Richard (Dick) Bieber was two years younger than my dad, pastoring an eclectic congregation near downtown Detroit — drawing neighborhood people, young hippie Jesus-freaks from around the city, alcoholics from the fabled Cass Corridor, and professors from Wayne State University. They flocked to hear his short but captivating sermons at Messiah, what was once a sleepy Lutheran church.

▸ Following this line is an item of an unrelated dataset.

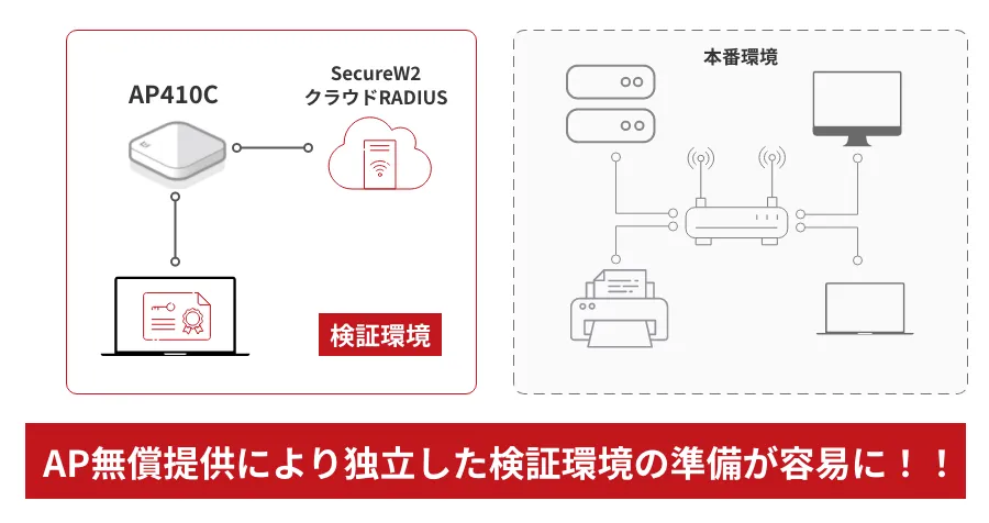 SecureW2トライアル環境の払い出しとExtreme Networks製APをお送りいたします。独立した検証環境下でSecureW2を実際にお使いいただけます。

In the weeks before the overdose, my father, a skeptic, distrusting of authority, of institutions, of groups, had been talking to Dick about faith, searching for some light in the throes of another depressive episode — symptom of his undiagnosed PTSD from combat in France as a young G.I. So Dick visited my dad in the ICU, spoke to him and prayed for him.
The nurse in the ICU said,
“Pastor, he can’t hear you. He’s in a deep coma.”
And that’s when my father decided to wake up.
“Thanks for coming, Dick.”
These were my father’s first words in several days.
The next day my sister, a lapsed Episcopalian, who wasn’t moved by my new-found religious enthusiasm, overheard the doctors on rounds talking about my father’s unexpected awakening. One of them said,
“It’s the closest thing to witchcraft I’ve ever seen”
My father had no ill effects from the overdose or the coma it induced — beyond a frozen shoulder. He spent a month in the psychiatric unit getting his bearings. When he came home, he started spending his days down at Messiah Lutheran Church making calls with Dick Bieber, stapling bulletins, doing whatever he could to help out. Dick Bieber, and the church he gathered, saved my father’s life, restored him to his right mind.